Dataset items
════════

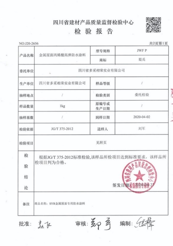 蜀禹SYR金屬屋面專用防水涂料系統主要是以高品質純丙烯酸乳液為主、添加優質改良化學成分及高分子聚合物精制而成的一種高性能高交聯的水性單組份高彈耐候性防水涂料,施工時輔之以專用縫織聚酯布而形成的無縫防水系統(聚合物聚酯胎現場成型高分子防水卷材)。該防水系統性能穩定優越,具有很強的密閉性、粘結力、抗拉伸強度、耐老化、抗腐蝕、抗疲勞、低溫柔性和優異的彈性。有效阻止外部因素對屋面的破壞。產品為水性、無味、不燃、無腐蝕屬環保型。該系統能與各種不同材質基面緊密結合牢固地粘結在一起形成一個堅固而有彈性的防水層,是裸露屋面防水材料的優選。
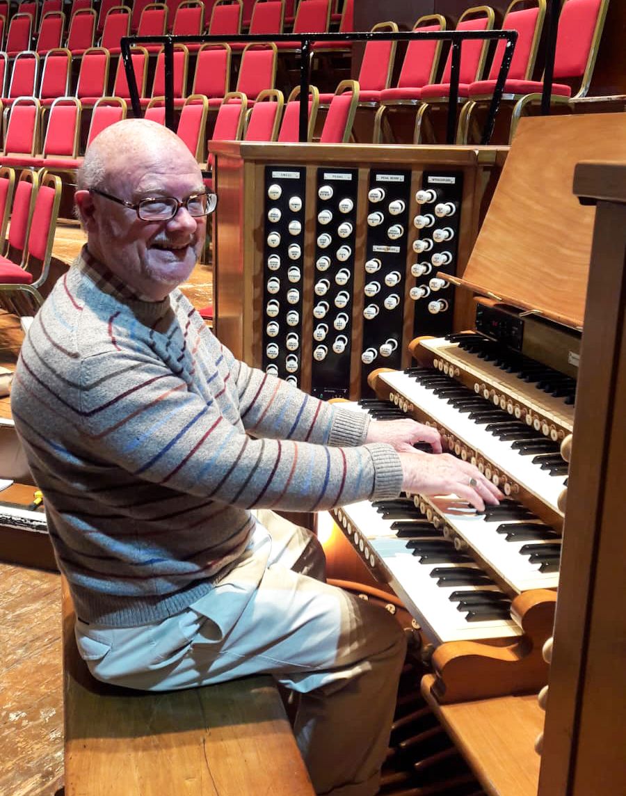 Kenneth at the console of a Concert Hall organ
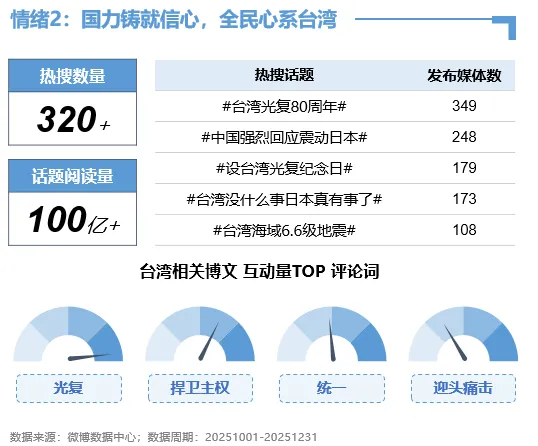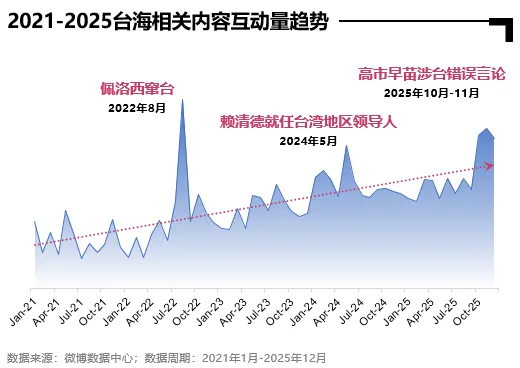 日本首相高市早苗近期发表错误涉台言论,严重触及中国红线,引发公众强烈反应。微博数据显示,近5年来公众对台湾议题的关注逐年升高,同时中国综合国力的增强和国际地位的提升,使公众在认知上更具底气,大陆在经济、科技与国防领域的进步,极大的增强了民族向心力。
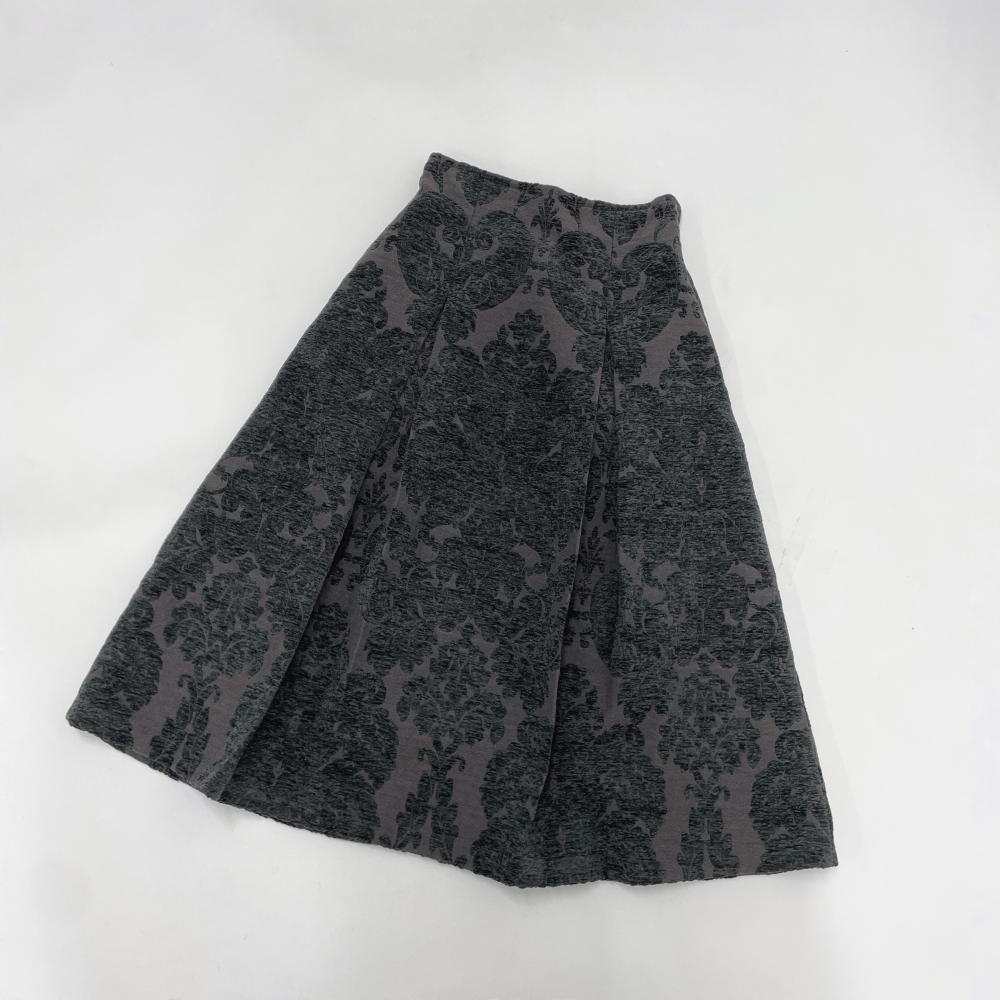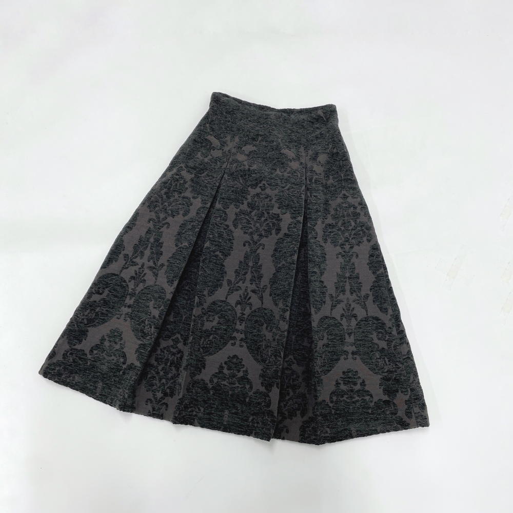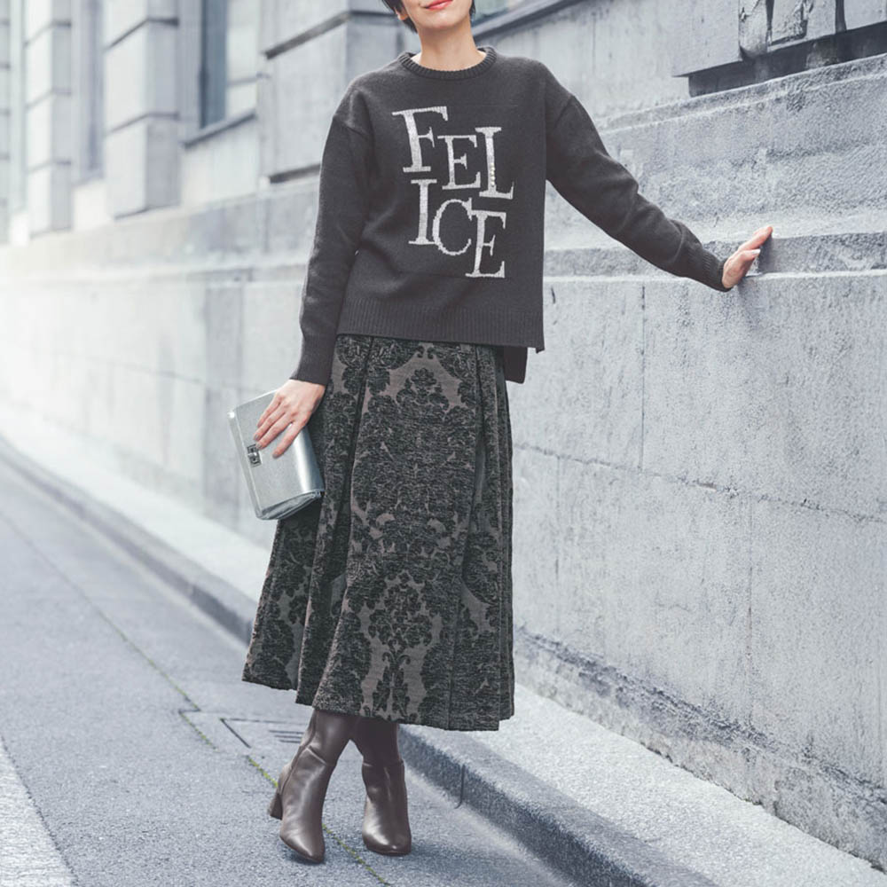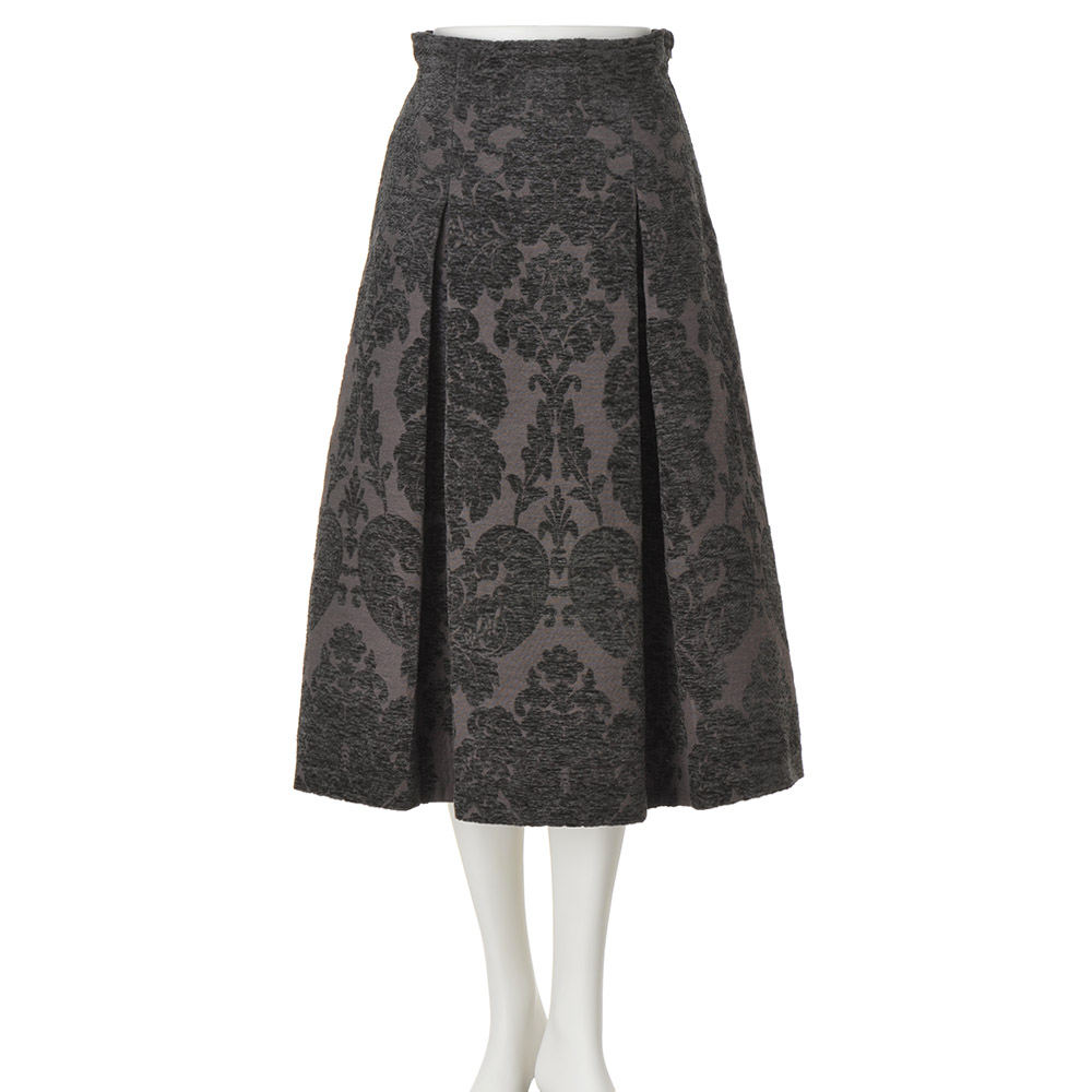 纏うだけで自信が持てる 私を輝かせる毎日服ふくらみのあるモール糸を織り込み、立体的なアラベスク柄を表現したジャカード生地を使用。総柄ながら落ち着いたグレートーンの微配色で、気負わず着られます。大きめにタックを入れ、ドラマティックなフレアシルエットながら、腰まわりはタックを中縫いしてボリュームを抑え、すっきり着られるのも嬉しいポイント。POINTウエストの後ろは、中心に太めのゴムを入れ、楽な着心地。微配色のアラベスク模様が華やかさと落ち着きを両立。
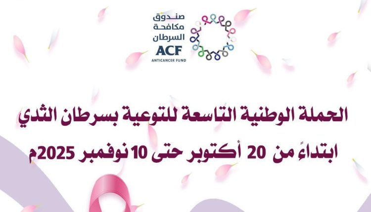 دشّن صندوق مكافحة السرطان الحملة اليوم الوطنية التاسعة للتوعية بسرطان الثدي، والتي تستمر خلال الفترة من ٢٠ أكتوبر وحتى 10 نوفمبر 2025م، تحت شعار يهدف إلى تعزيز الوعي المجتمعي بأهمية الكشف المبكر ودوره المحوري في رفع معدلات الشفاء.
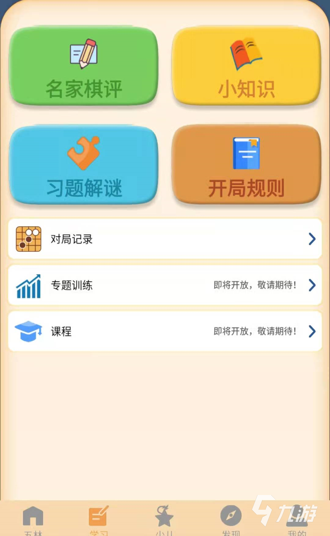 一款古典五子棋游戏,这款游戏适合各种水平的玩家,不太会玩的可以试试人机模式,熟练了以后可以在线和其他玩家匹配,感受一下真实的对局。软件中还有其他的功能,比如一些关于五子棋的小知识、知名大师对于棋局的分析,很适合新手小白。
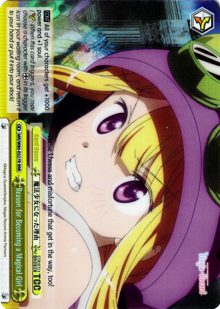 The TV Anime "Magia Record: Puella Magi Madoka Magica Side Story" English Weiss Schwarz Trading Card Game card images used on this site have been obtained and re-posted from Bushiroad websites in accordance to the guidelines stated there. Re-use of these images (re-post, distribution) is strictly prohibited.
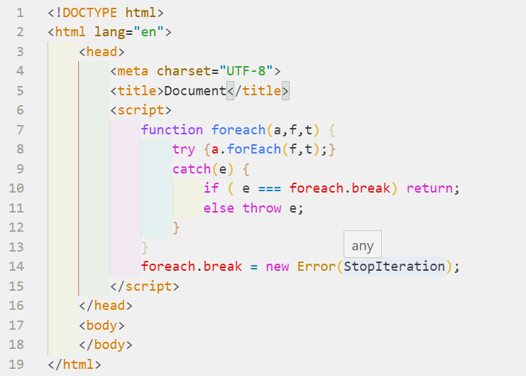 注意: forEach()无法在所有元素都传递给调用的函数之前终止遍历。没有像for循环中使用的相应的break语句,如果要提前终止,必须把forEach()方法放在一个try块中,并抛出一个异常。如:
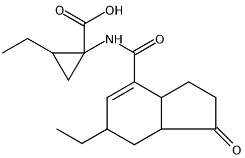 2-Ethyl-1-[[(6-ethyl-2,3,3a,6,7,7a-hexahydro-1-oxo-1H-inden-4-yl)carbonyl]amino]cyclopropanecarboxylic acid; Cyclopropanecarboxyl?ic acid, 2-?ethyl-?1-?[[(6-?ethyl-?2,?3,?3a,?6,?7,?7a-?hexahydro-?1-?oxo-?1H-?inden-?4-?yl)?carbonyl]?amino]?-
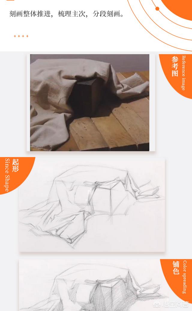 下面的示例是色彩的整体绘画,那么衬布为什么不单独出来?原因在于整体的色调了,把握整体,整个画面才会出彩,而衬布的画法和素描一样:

════════

What should come back is an exact copy of the lines above from the line with "一款古典五子棋游戏,这款游戏" to the line with "The TV Anime", both included, minus the pictures.

 一款古典五子棋游戏,这款游戏适合各种水平的玩家,不太会玩的可以试试人机模式,熟练了以后可以在线和其他玩家匹配,感受一下真实的对局。软件中还有其他的功能,比如一些关于五子棋的小知识、知名大师对于棋局的分析,很适合新手小白。
 The TV Anime "Magia Record: Puella Magi Madoka Magica Side Story" English Weiss Schwarz Trading Card Game card images used on this site have been obtained and re-posted from Bushiroad websites in accordance to the guidelines stated there. Re-use of these images (re-post, distribution) is strictly prohibited.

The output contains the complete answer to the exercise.